[CentOS] Xen or VMWARE on CentOS 5
Matt Shields
mattboston at gmail.com
Wed Feb 27 20:17:44 UTC 2008
On Wed, Feb 27, 2008 at 2:58 PM, Rudi Ahlers <Rudi at softdux.com> wrote:
>
> David Mackintosh wrote:
> > On Wed, Feb 27, 2008 at 08:03:09AM -0600, Les Mikesell wrote:
> >
> >> Ern jura wrote:
> >>
> >>> Does anyone out there have a comprehensive tutorial on installing VMware
> >>> and
> >>> successfully managing virtual machines with either xen or vmware?
> >>>
> >> VMware is pretty simple: download the server rpm, install it, run the
> >> vmware-config.pl setup script to set the options and install your (free)
> >> license key. Then run vmware locally or from some other machine to
> >> access the console where you can create and start the virtual machines.

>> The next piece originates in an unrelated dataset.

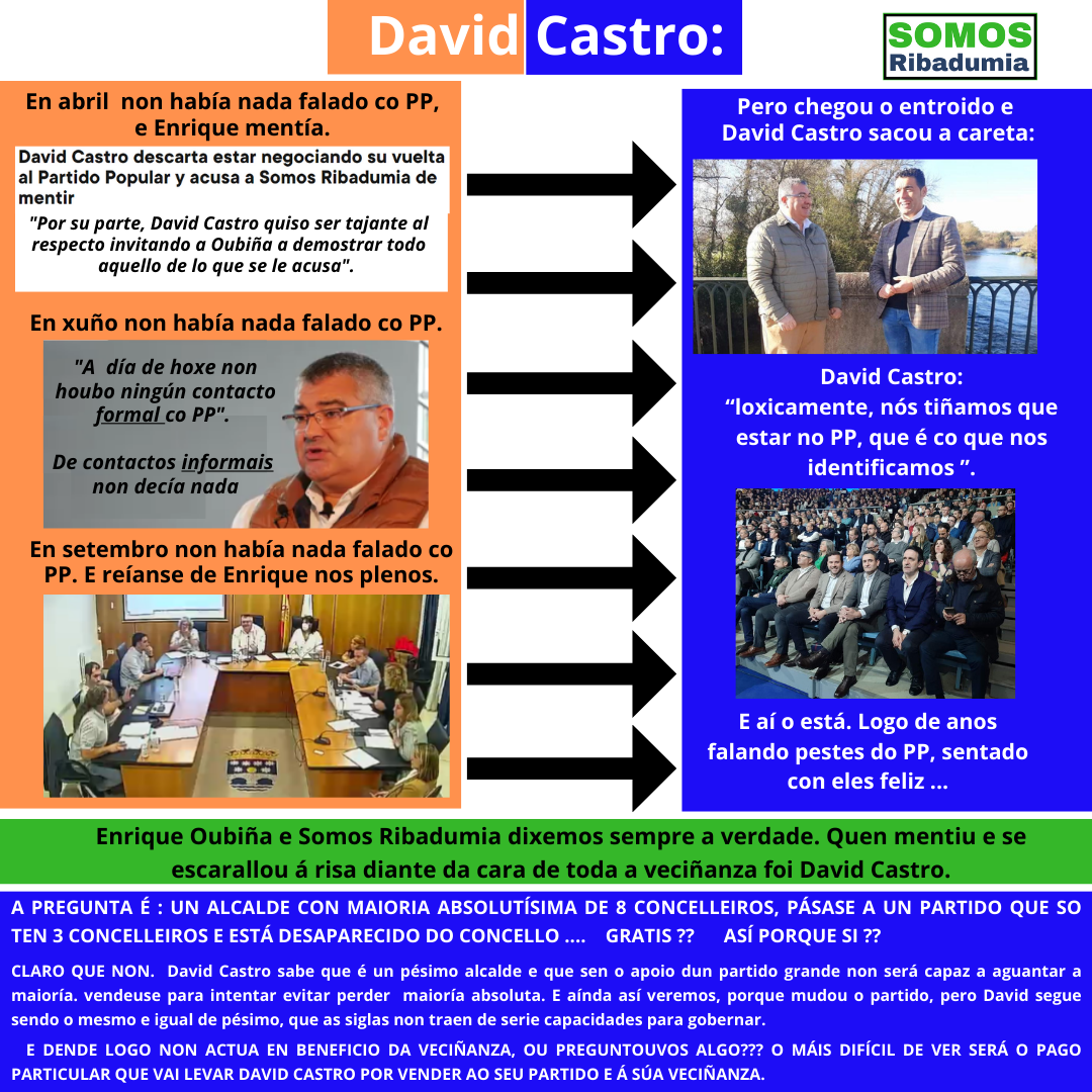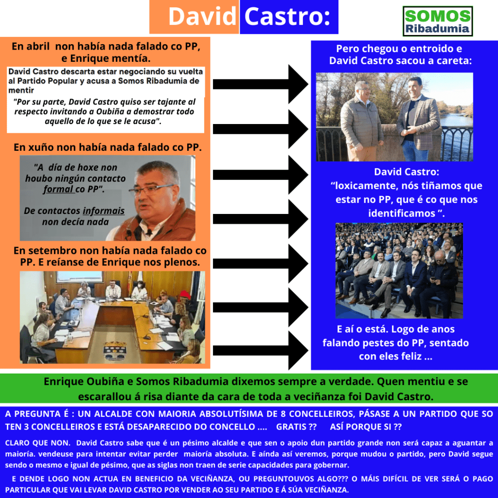 O anuncio de que David Castro se vendeu ao PP non nos sorprendeu, pois dende Somos Ribadumia coñeciamos o que se estaba cocendo dende fai anos, e de feito fixemos público que David Castro estaba negociando a súa integración no PP en abril do ano pasado, pero, como explica o noso voceiro Enrique Oubiña “xa na lexislatura anterior David Castro amagou co cambio, e a ninguén lle escapa a súa proximidade a Gonzalo Durán, sen o cal David Castro non é capaz de moverse.
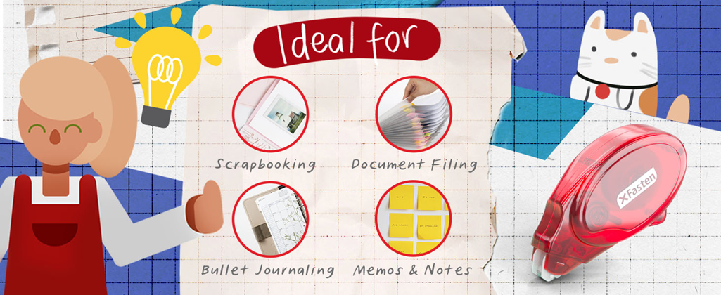 COMPACT AND EASY TO USE. Bring this double-sided tape roller applicator anytime and anywhere. It has a protective tip cover that's avoiding your bag from sticking to the adhesive. It's ideal for school use, gift-wrapping, scrapbooking, and other home projects.

> >> Once created, you can treat the virtual machines like they were
> >> separate physical boxes except that they contend for host resources (and
> >> once they are up on the network I prefer to connect directly to them
> >> with ssh, X, freenx, or vnc instead of using the VMware console. You'll
> >> want plenty of RAM on the host machine and if you run several VM's they
> >> will perform better if you can spread them over different disk drives.
> >>
> >> With VMware you can copy your disk images over to a Windows or Mac host
> >> and run them with no changes (Mac version isn't free, though).
> >>
> >
> > This is pretty much what I do. I also keep stock "reference" images
> > for each OS I support and copy from the reference image every time I
> > need to deploy a new VM.
> >
> > I like the idea of Xen, but the documentation is a little thin
> > especially when it comes to installing useful things like Windows
> > VMs; I don't have the time to solve the problem properly, and I hope
> > that in a year or two I can change this.
> >
> >
> > ------------------------------------------------------------------------
>
> >
> > _______________________________________________
> > CentOS mailing list
> > CentOS at centos.org
> > http://lists.centos.org/mailman/listinfo/centos
> >
> So, what would you use if you wanted to / needed to host a Windows 2003
> VM on a Linux / UNIX server? I don't / can't sacrifice a whole server
> for a few ASP.NET aps.
>
I've never tried this, but someone was telling me that it might be
possible to serve up ASP and ASP.net with Apache and mono. I don't
know if this is true, but might be worth checking out.